Entenda as novas regras de portabilidade de carências nos Planos de Saúde

Post Series: Planos de Saúde

Portabilidade de carências é o direito que os Beneficiários de planos de saúde têm mudar de plano de saúde, aproveitando os prazos de carências já cumpridos no plano anterior, desde que cumpra alguns requisitos que atualmente são:

  • 1- Estar com o contrato ativo no plano atual;
  • 2- Estar adimplente com a Operadora;
  • 3 – O plano atual deve ser posterior a 1999, ou adaptado a lei 9656/98, neste ultimo caso os prazos abaixo são contados à partir da data de adaptação do plano:
    • 3.1. Para a primeira portabilidade é exigido uma permanência mínima de 2 anos no plano de origem ou de 3 anos se tiver cumprido cobertura parcial temporária.
    • 3.2. Para portabilidades posteriores é exigido permanência mínima de 1 ano no plano de origem ou de 2 anos se a primeira portabilidade foi para um plano com mais coberturas.
  • 4- O plano de destino tem que ter a mesma faixa de preço ou uma faixa de preço menor do que o plano atual.
  • 5- O plano destino não pode estar suspenso ou com a comercialização suspensa.

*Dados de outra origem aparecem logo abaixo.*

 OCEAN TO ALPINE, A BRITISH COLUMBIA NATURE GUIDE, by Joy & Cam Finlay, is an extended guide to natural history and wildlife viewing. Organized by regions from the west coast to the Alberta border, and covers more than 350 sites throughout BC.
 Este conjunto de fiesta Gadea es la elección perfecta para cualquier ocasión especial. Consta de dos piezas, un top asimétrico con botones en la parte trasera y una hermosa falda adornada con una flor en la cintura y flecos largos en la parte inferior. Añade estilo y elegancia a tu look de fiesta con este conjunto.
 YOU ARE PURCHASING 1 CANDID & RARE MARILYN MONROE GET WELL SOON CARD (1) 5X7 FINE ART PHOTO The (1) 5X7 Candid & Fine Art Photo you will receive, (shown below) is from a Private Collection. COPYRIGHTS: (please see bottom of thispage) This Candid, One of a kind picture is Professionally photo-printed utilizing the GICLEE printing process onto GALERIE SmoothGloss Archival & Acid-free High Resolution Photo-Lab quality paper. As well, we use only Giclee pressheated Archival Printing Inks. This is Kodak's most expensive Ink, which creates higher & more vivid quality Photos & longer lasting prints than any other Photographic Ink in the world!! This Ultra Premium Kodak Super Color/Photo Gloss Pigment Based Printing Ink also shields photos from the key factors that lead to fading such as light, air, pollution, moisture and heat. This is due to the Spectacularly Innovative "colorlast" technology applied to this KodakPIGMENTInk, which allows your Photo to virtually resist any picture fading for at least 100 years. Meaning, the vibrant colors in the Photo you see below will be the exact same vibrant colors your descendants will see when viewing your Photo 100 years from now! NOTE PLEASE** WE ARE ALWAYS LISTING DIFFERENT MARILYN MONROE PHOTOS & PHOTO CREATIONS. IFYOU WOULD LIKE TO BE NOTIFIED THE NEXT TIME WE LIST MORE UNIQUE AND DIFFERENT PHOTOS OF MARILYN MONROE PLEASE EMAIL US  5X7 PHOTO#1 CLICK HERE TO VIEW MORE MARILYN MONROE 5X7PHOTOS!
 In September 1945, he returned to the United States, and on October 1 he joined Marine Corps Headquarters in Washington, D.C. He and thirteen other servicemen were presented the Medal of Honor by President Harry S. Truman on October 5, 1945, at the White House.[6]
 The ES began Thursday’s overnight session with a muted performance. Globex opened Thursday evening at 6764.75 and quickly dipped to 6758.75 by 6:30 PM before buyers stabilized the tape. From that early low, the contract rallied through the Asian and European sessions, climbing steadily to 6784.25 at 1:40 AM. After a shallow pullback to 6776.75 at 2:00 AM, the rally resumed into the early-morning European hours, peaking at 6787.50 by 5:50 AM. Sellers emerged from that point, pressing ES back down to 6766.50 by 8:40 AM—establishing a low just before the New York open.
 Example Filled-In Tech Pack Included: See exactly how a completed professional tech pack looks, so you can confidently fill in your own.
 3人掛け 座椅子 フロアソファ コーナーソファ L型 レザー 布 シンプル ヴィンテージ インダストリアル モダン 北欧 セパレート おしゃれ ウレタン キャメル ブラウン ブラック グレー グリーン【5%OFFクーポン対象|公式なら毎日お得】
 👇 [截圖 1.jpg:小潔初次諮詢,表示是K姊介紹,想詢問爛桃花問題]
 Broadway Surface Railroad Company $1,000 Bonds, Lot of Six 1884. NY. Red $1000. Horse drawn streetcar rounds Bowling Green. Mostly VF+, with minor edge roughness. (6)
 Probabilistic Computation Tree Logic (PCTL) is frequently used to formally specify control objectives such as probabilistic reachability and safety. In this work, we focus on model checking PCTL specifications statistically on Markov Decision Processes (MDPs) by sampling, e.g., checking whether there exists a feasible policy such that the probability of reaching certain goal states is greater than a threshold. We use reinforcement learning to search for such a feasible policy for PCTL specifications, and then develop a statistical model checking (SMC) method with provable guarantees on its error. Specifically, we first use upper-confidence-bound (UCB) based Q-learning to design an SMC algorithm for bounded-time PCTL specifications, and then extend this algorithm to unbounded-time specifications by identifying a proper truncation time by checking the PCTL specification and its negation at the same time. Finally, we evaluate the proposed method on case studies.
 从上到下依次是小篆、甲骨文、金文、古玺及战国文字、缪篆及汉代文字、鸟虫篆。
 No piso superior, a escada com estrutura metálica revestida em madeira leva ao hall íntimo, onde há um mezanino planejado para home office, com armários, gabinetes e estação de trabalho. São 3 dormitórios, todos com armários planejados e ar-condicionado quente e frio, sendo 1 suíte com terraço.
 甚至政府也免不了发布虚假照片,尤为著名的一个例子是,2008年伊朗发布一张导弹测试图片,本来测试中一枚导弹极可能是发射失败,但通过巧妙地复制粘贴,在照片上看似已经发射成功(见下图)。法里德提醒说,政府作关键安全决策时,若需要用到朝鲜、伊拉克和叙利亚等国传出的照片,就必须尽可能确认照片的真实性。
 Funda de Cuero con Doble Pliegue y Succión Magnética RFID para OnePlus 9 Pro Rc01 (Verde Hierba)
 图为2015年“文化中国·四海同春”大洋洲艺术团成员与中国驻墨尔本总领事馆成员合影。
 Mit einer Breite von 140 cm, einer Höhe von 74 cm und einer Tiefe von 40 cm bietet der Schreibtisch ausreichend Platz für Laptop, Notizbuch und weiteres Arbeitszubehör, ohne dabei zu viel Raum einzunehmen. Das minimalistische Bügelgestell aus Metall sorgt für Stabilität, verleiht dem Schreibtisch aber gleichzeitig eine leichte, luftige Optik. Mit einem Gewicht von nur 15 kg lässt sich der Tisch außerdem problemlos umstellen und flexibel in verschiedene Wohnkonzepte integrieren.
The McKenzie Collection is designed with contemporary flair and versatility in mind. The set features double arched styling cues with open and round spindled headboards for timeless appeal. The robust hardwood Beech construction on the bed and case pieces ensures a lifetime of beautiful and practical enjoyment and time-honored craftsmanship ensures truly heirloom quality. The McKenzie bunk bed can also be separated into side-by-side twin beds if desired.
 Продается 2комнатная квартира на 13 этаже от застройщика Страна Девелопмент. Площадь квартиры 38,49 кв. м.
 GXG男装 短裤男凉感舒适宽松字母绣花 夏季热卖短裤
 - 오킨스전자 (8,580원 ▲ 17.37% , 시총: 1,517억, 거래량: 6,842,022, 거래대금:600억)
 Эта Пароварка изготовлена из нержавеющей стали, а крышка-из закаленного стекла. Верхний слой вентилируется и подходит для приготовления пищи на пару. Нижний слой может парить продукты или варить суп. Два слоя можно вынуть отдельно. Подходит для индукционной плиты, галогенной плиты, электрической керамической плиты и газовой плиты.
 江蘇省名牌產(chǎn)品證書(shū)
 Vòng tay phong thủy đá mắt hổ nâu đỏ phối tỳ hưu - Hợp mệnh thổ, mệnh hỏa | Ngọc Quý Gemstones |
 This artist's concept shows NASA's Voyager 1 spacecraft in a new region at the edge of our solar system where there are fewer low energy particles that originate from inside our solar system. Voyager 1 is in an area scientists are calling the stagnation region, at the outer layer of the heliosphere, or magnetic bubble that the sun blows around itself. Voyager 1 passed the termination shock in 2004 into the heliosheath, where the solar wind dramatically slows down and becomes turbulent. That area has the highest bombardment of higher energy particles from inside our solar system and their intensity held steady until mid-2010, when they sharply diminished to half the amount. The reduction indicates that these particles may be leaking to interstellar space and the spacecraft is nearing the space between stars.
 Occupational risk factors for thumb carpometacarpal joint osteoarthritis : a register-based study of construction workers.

O tema é um dos mais relevantes para os Consumidores de Planos de Saúde, pela necessidade ou não de se cumprir novas carências a cada novo contrato.

A portabilidade já é uma realidade, contudo, a Agência Nacional de Saúde (ANS), por meio da Resolução Normativa n. 438 de Dezembro 2018 trouxe novas regras e ampliou a possibilidade de realização da portabilidade de carências, contudo, devido ao prazo de adaptação de 180 dias para resolução entrar em vigor, as novas regras começam a valer neste dia 3 de junho de 2019.

Entenda as principais mudanças:

1. Ampliação de planos em que é possível fazer a portabilidade

Anteriormente, apenas os planos individuais / familiares e coletivos por adesão podiam pedir a portabilidade.

Agora os beneficiários de todas as modalidades de contração têm direito à realizar a portabilidade, quais sejam: individuais/ familiares, coletivos por adesão e coletivos empresariais.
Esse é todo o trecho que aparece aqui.